ST. PETERSBURG, Fla. - The questions have been asked by many this week: If there are safety concerns regarding white supremacist Richard Spencer speaking on campus, then why allow it? And why are taxpayers paying for event security?
Since speaking during a Confederate monument rally in Charlottesville, Virginia, where a protester was killed, the University of Florida, Texas A&M University, Louisiana State University and Michigan State University blocked his speaking engagements, citing safety concerns.
Spencer threatened to sue.
Now, UF believes it legally has to let him speak.
University President Kent Fuchs cited the First Amendment and freedom of speech - regardless of how divisive it is.
"UF is required by law to allow Mr. Spencer to speak on our campus and that we are not allowed to bill him for the full cost of keeping our campus safe," he said.
Security costs are expected to reach $500,000. Fuchs said more than 500 law enforcement officers will be on hand during Spencer's speech.
A Supreme Court decision prohibits a speaker paying the full security cost, for doing so could prevent the speech from happening.
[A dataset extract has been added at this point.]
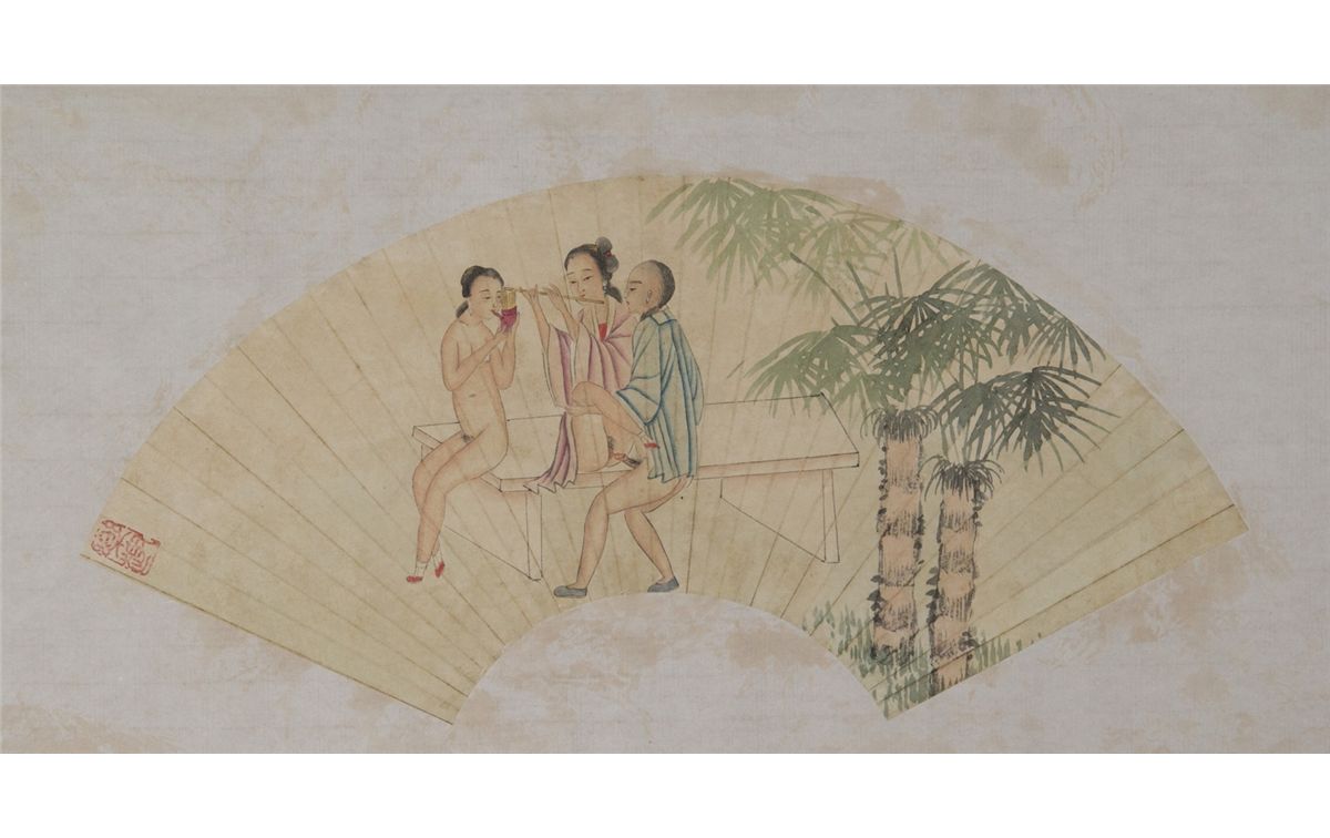 Chinese Fan Painting of Amorous Couple; mounted on paper; inscribed with one artist seal; 52 cm x 19.5 cm

No state entity, including a public university, can favor or deny a speaker based on what they have to say due to the First Amendment, constitutional law expert Louis Virelli said.
"The university is not permitted to deny him access to an otherwise public forum because to do so would be to choose one kind of speech over another or to be acting specifically against a particular message...which the First Amendment protects us against," he said.
Spencer's speaking event is scheduled for 2:30 p.m. to 4:30 p.m. Thursday at the Phillips Center for the Performing Arts at 3201 Hull Road in Gainesville, Florida.